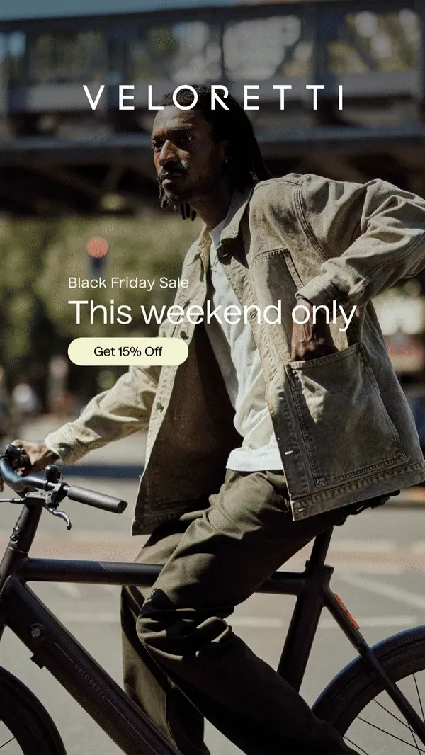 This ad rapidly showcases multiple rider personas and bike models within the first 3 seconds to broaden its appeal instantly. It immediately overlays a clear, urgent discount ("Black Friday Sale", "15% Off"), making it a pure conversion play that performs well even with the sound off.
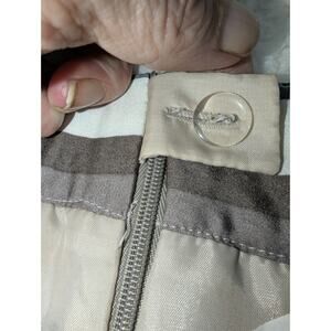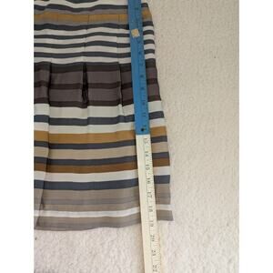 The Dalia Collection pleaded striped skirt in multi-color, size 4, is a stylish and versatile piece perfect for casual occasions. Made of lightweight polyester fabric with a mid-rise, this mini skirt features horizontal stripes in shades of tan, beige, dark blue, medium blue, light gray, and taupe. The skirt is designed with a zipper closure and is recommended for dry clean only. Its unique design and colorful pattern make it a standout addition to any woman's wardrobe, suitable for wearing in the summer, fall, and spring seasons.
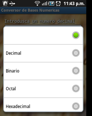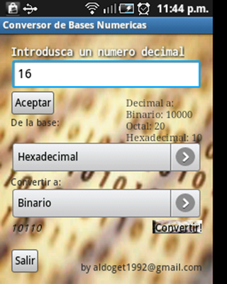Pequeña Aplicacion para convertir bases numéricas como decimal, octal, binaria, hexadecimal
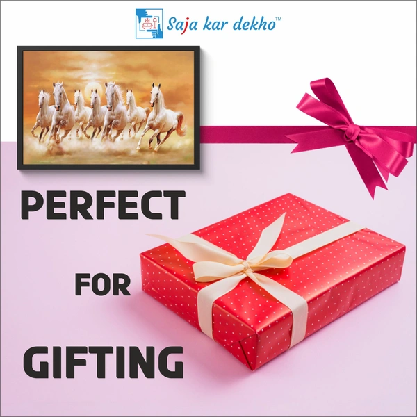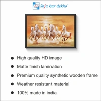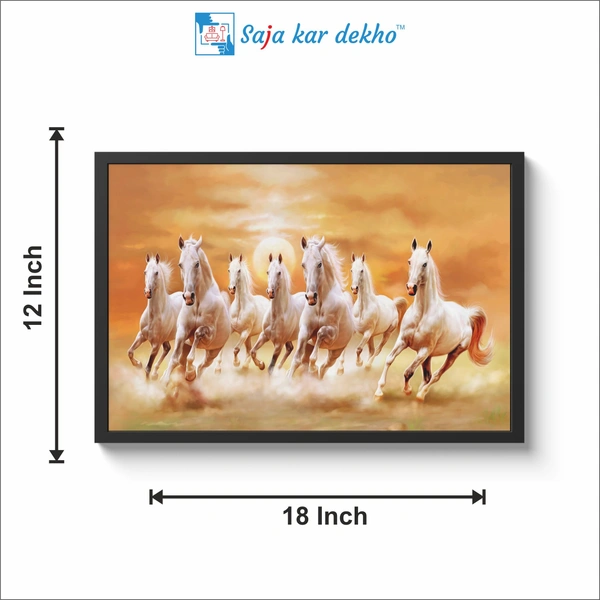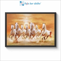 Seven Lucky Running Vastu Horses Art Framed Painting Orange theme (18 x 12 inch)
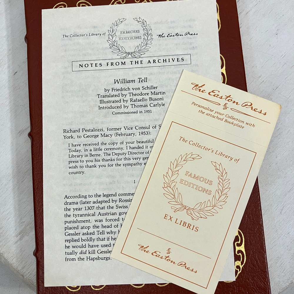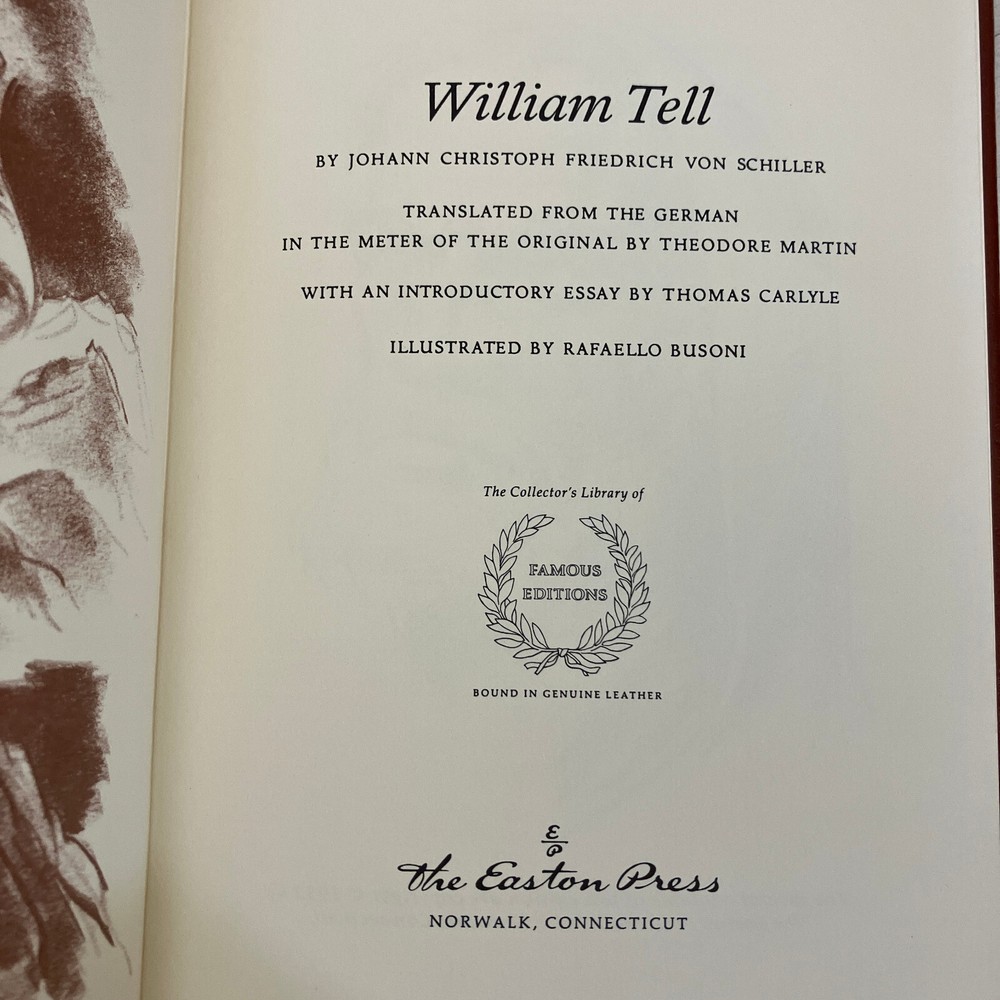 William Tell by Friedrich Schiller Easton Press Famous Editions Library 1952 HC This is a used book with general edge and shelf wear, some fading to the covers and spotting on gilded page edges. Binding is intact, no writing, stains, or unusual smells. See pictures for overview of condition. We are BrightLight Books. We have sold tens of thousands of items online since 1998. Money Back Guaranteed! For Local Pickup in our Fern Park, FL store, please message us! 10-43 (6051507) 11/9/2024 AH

- [Exercise details]
The job is to return the listing above exactly, minus its pictures.

- [Your solution]
 This ad rapidly showcases multiple rider personas and bike models within the first 3 seconds to broaden its appeal instantly. It immediately overlays a clear, urgent discount ("Black Friday Sale", "15% Off"), making it a pure conversion play that performs well even with the sound off.
 The Dalia Collection pleaded striped skirt in multi-color, size 4, is a stylish and versatile piece perfect for casual occasions. Made of lightweight polyester fabric with a mid-rise, this mini skirt features horizontal stripes in shades of tan, beige, dark blue, medium blue, light gray, and taupe. The skirt is designed with a zipper closure and is recommended for dry clean only. Its unique design and colorful pattern make it a standout addition to any woman's wardrobe, suitable for wearing in the summer, fall, and spring seasons.
Pequeña Aplicacion para convertir bases numéricas como decimal, octal, binaria, hexadecimal
 Seven Lucky Running Vastu Horses Art Framed Painting Orange theme (18 x 12 inch)
 William Tell by Friedrich Schiller Easton Press Famous Editions Library 1952 HC This is a used book with general edge and shelf wear, some fading to the covers and spotting on gilded page edges. Binding is intact, no writing, stains, or unusual smells. See pictures for overview of condition. We are BrightLight Books. We have sold tens of thousands of items online since 1998. Money Back Guaranteed! For Local Pickup in our Fern Park, FL store, please message us! 10-43 (6051507) 11/9/2024 AH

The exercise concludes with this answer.